State pension manager NEST tenders UK and global REIT mandates
The National Employment Savings Trust is looking to make its first stand-alone investments in real estate. NEST, set up in October as part of the UK government’s requirement for employers to provide workplace schemes, is tendering two mandates, for a direct UK property fund and a global REITs fund.
NEST now has 3% of its capital allocated to real estate. “Our current exposure to property is through a fund of funds managed by BlackRock,” said Paul Todd, NEST’s head of investment policy. “By having individual mandates we can exercise more control over how much we allocate to any particular risk premium.”
UK real estate fits with NEST’s investment objective to outperform inflation after all charges during the growth phase of its funds. Auto-enrolment means NEST will get many billions of assets under management quickly. It expects most members will not want to personally select their investments, but will leave the management to NEST’s ‘default” funds.

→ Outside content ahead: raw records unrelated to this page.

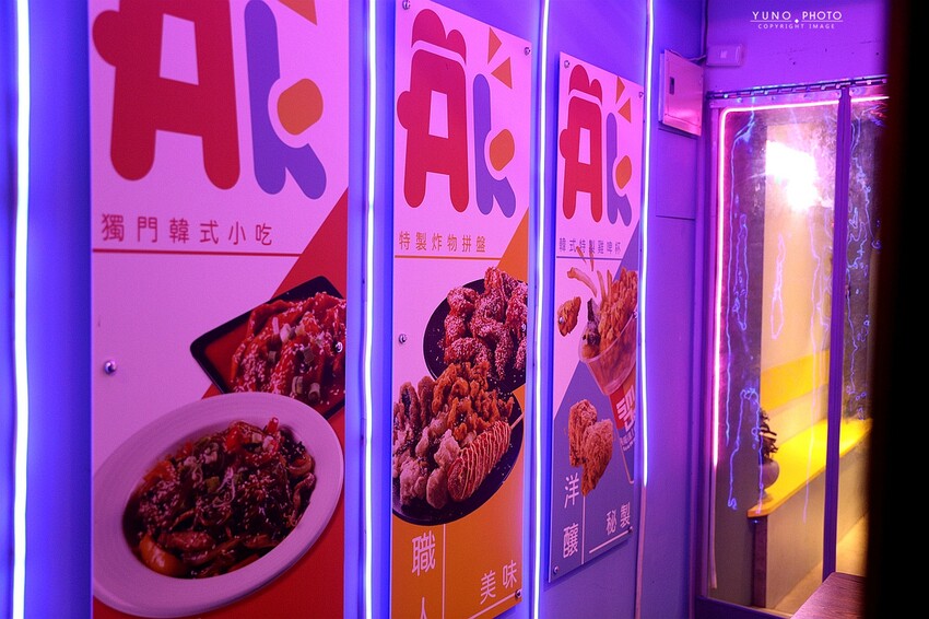 七彩的霓虹燈飾加上韓文的打卡牆真的是非常有時尚感
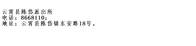 便民黄页:漳州市云霄县陈岱派出所的单位办公电话及地址。
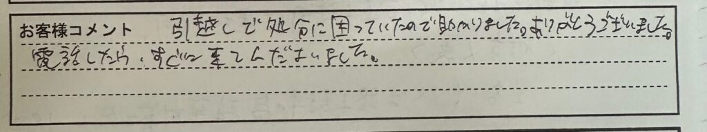 「引っ越しで処分に困っていたので助かりました。ありがとうございました。電話したらすぐに来てくださいました。」
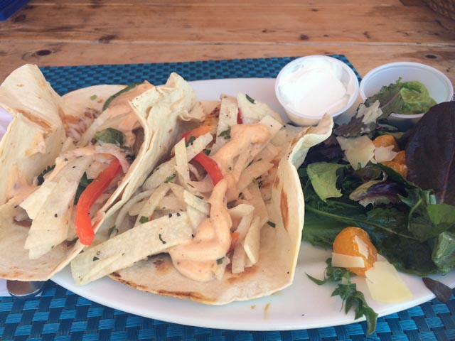 There is no separate lunch and dinner menu, so if you feel like a $39 filet mignon for lunch, then go for it. But if you are looking for something a tad lighter, we recommend the mahi mahi tacos served with a citrus salad ($18).

“In the next 20-30 years we think we will be one of the largest DC schemes in the UK and potentially in Europe,” said Todd. “The property allocation will be a lot higher than it is now. It will change over time, depending on economic circumstances and where we think the risks and opportunities are.
“We think it is a good asset class to capture some of that inflation risk. There are challenges in terms of liquidity, but our investment horizons are 30-40 years. “We think we can take advantage of some of that illiquidity risk premium that real estate has.
“We still expect daily valuations, but don’t need the liquidity absolute investors require. Because of our scale over time, we’re likely to be cash positive for many, many years, so we can rebalance – we have to sell infrequently.”
Providing the daily liquidity that DC schemes require is a challenge for real estate funds, Todd added. “We think there is sufficient product out there to provide what we need. That challenge is not insurmountable and to some extent, NEST’s arrival is helping generate interest and market innovation for DC.”
Real estate also provides a way for NEST to manage risk through diversification. “The global REIT mandate will help even more with the diversity and we wouldn’t have the same challenges in terms of liquidity and pricing,” Todd noted.
As well as its default funds, NEST offers members other choices, including an ethical fund. “A real estate product that can meet both our default and ethical fund needs would be very interesting,” said Todd. “If that is not possible we’d be very interested in a real estate fund matching our ethical criteria.”